◆ **Data for analysis**
*****

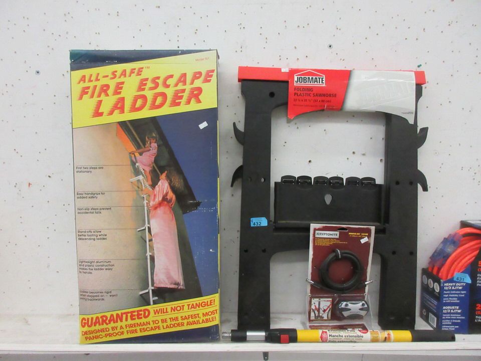 Escape ladder, extension pole, bike lock and plastic sawhorse.
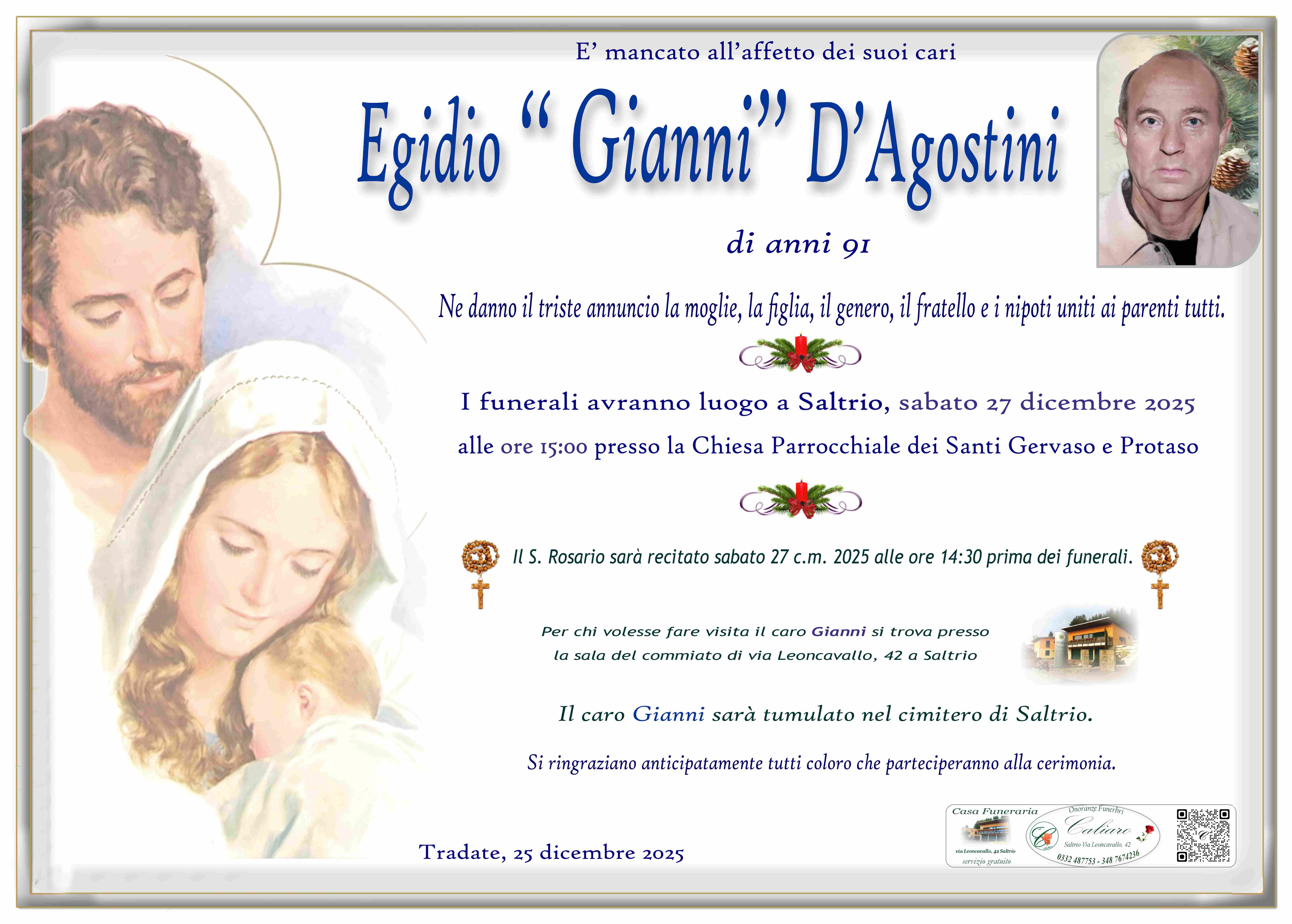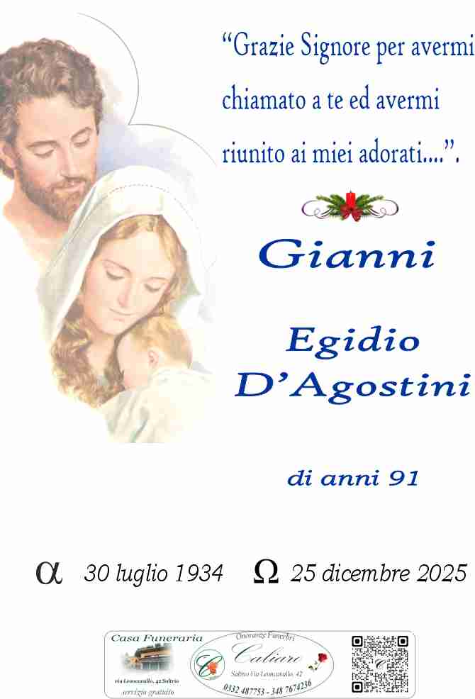 I funerali avranno luogo a Saltrio, sabato 27 dicembre 2025
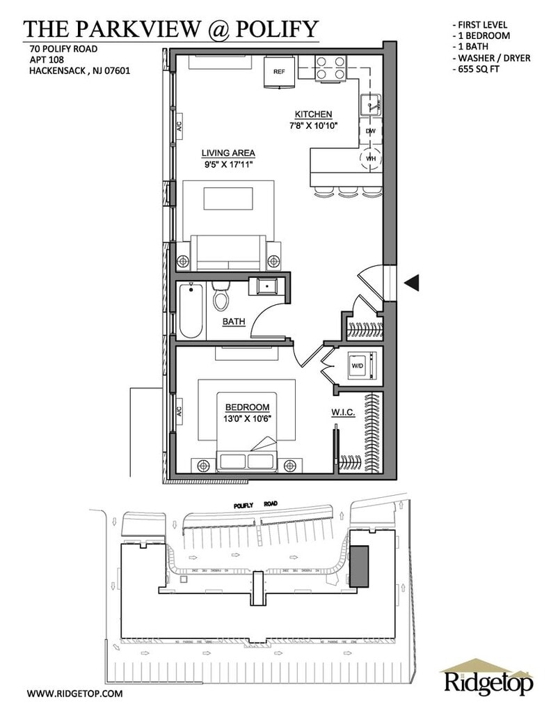 Welcome home to The Parkview @ Polifly. This beautiful mid-rise apartment community is located in the heart of Hackensack, New Jersey and within walking distance to the prestigious Hackensack University Medical Center and Essex Street Train Station. The three-story elevator building offers studio, one- and two-bedroom apartment homes with a variety of modern amenities including newly renovated layouts, in-unit laundry, and custom closets. As a resident of The Parkview @ Polifly, you will experience exceptional service from our professional team and an ideal location within walking distance to various shopping, dining, and entertainment destinations. CVS and Rite Aid, leading retail pharmacies are conveniently located just down the street allowing for easy access to daily household essentials. Criss-crossed by several major highways including Interstate 80, Interstate 95, Garden State Parkway, and Route 17, public transportation is easily accessed on site at The Parkview @ Polifly making a premier residence for commuters in the Tri-State area. In addition, this property offers on-site parking and garages available exclusively to its residents. Community Features: Online Rent Payment |Online Maintenance Requests | 24-Hour Emergency Maintenance Service | Convenient to Public Transportation, Highways, Dining, Shopping & New York City | Cats and dogs are permitted at this Ridgetop property. Professionally Managed by Ridgetop Corporation. Availability, pricing and finishes may vary and are subject to change.
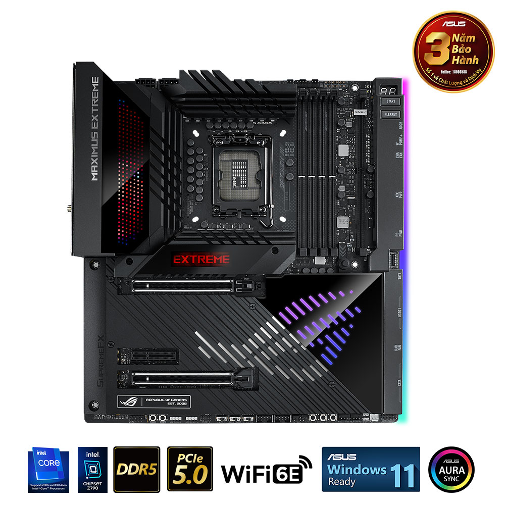 Là mainboard mới nhất được dành cho Intel Gen 13, ASUS ROG MAXIMUS Z790 EXTREME chắc chắn sẽ sở hữu cho mình socket LGA 1700 mới nhất hiện nay. Biến đây sẽ là một sự nâng cấp rõ rệt về hiệu năng và sức mạnh cho toàn bộ dàn PC Gaming của bạn. Với socket này, bạn vẫn có thể trang bị những thế hệ CPU tiền nhiệm là Intel Gen 12, Pentium Gold và Celeron.
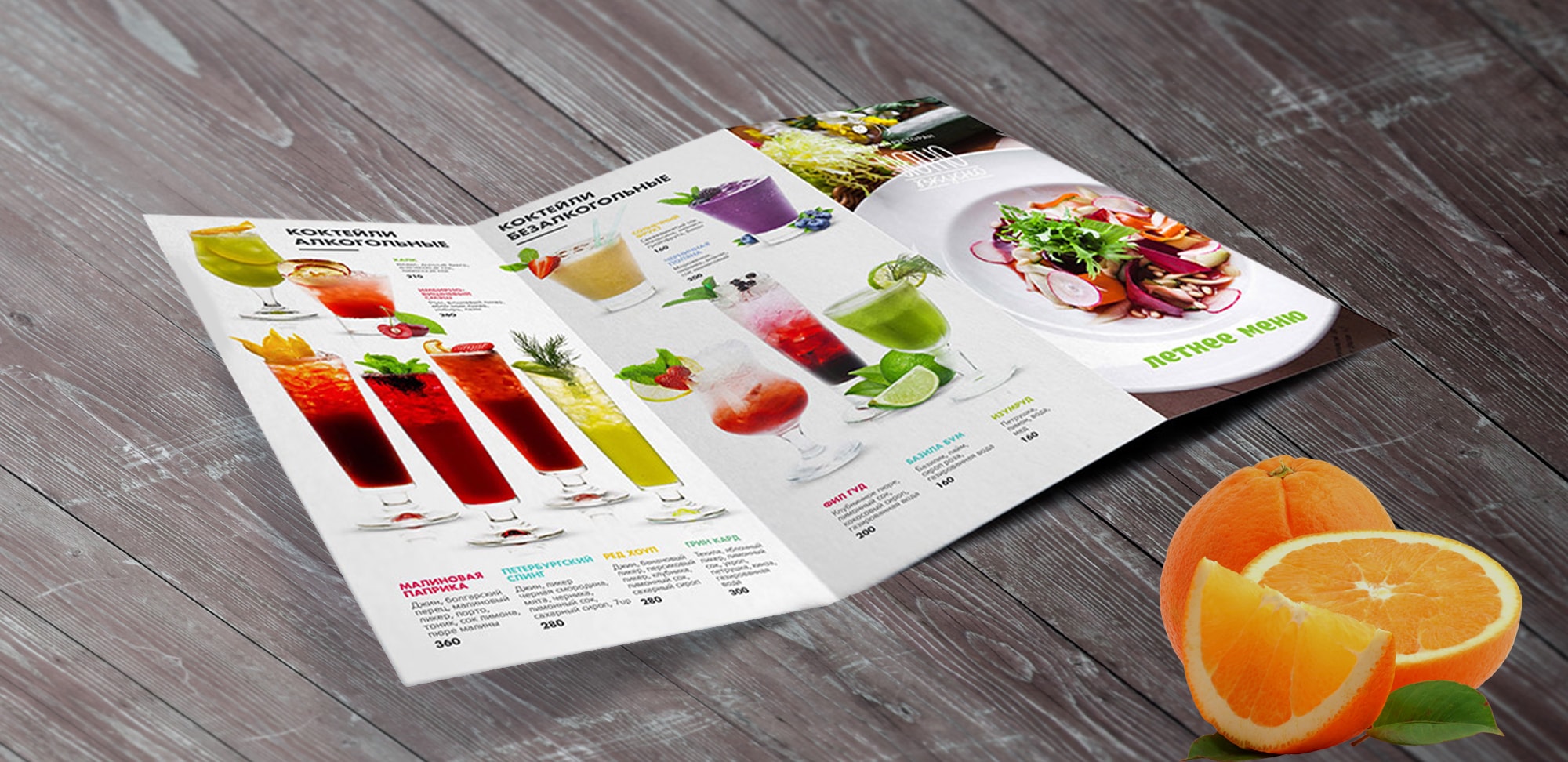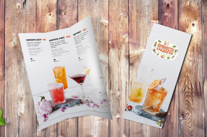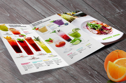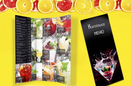 • Стоимость разработки дизайн-макета коктейльного меню 70*297 мм (2 сгиба по длинной стороне) 550 — 750 грн.
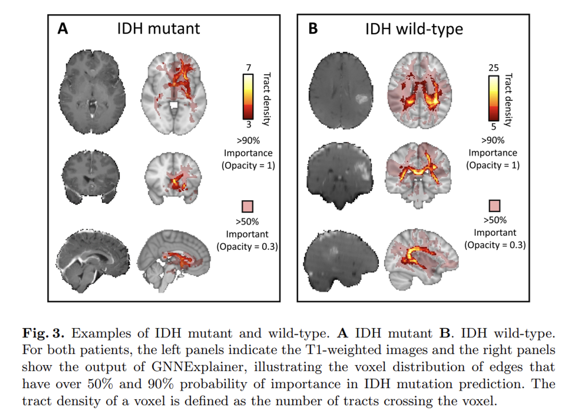 - 전체적으로 wild-type에서 GNN 모델이 포착해낸 더 넓은 엣지 상의 종양 분포도를 효과적으로 확인해볼 수 있으며, 그로부터 IDH mutant Glioma의 광범위한 뇌 네트워크 침입 tract 정보를 연관지어 포착할 수 있는 GNN 방식의 장점을 확인해볼 수 있습니다.
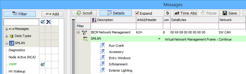 Use the Messages view to see VNMFs sent by each ECU and the VNs being controlled by that ECU. Figure 1 shows an example of an ECU using a VNMF to continue some VNs.
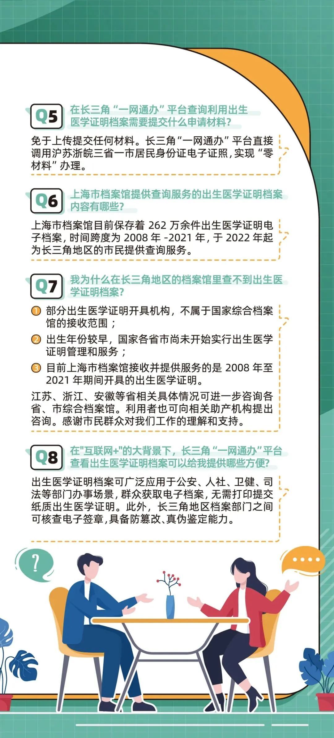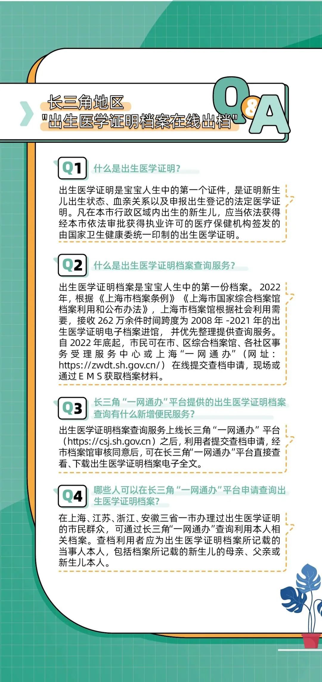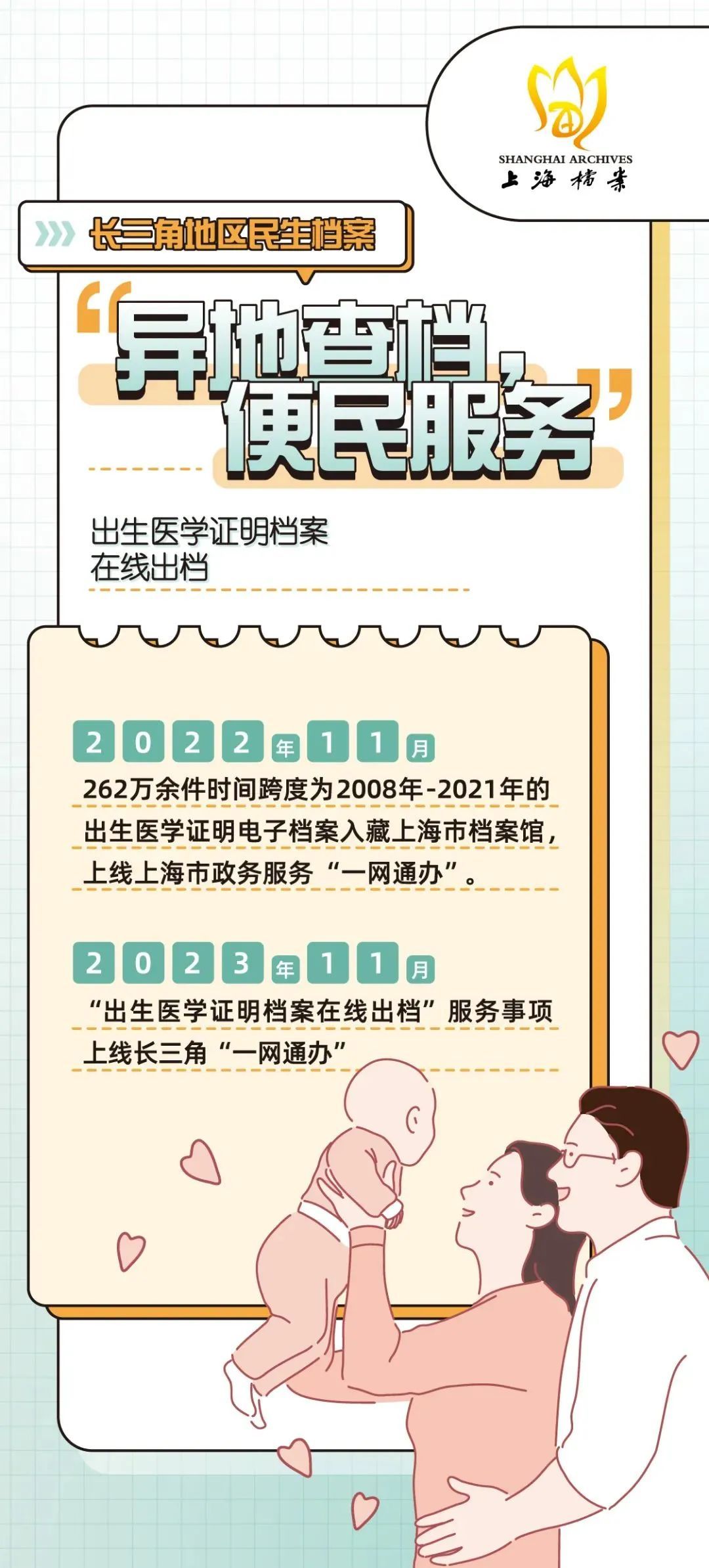 市档案局(馆)介绍,“出生医学证明档案查询”服务已上线长三角地区政务服务“一网通办”平台。这项便民服务覆盖上海、江苏、浙江、安徽三省一市的345家档案机构,长三角地区居民可通过长三角“一网通办”平台(https://csj.sh.gov.cn/govService/index)在线提出查档申请,并获取出生医学证明电子档案。其中上海可申请查询的出生医学证明档案的时间跨度为2008年~2021年。详见↓

*****

The listing above should be repeated word for word, with every image left out.

 Escape ladder, extension pole, bike lock and plastic sawhorse.
 I funerali avranno luogo a Saltrio, sabato 27 dicembre 2025
 Welcome home to The Parkview @ Polifly. This beautiful mid-rise apartment community is located in the heart of Hackensack, New Jersey and within walking distance to the prestigious Hackensack University Medical Center and Essex Street Train Station. The three-story elevator building offers studio, one- and two-bedroom apartment homes with a variety of modern amenities including newly renovated layouts, in-unit laundry, and custom closets. As a resident of The Parkview @ Polifly, you will experience exceptional service from our professional team and an ideal location within walking distance to various shopping, dining, and entertainment destinations. CVS and Rite Aid, leading retail pharmacies are conveniently located just down the street allowing for easy access to daily household essentials. Criss-crossed by several major highways including Interstate 80, Interstate 95, Garden State Parkway, and Route 17, public transportation is easily accessed on site at The Parkview @ Polifly making a premier residence for commuters in the Tri-State area. In addition, this property offers on-site parking and garages available exclusively to its residents. Community Features: Online Rent Payment |Online Maintenance Requests | 24-Hour Emergency Maintenance Service | Convenient to Public Transportation, Highways, Dining, Shopping & New York City | Cats and dogs are permitted at this Ridgetop property. Professionally Managed by Ridgetop Corporation. Availability, pricing and finishes may vary and are subject to change.
 Là mainboard mới nhất được dành cho Intel Gen 13, ASUS ROG MAXIMUS Z790 EXTREME chắc chắn sẽ sở hữu cho mình socket LGA 1700 mới nhất hiện nay. Biến đây sẽ là một sự nâng cấp rõ rệt về hiệu năng và sức mạnh cho toàn bộ dàn PC Gaming của bạn. Với socket này, bạn vẫn có thể trang bị những thế hệ CPU tiền nhiệm là Intel Gen 12, Pentium Gold và Celeron.
 • Стоимость разработки дизайн-макета коктейльного меню 70*297 мм (2 сгиба по длинной стороне) 550 — 750 грн.
 - 전체적으로 wild-type에서 GNN 모델이 포착해낸 더 넓은 엣지 상의 종양 분포도를 효과적으로 확인해볼 수 있으며, 그로부터 IDH mutant Glioma의 광범위한 뇌 네트워크 침입 tract 정보를 연관지어 포착할 수 있는 GNN 방식의 장점을 확인해볼 수 있습니다.
 Use the Messages view to see VNMFs sent by each ECU and the VNs being controlled by that ECU. Figure 1 shows an example of an ECU using a VNMF to continue some VNs.
 市档案局(馆)介绍,“出生医学证明档案查询”服务已上线长三角地区政务服务“一网通办”平台。这项便民服务覆盖上海、江苏、浙江、安徽三省一市的345家档案机构,长三角地区居民可通过长三角“一网通办”平台(https://csj.sh.gov.cn/govService/index)在线提出查档申请,并获取出生医学证明电子档案。其中上海可申请查询的出生医学证明档案的时间跨度为2008年~2021年。详见↓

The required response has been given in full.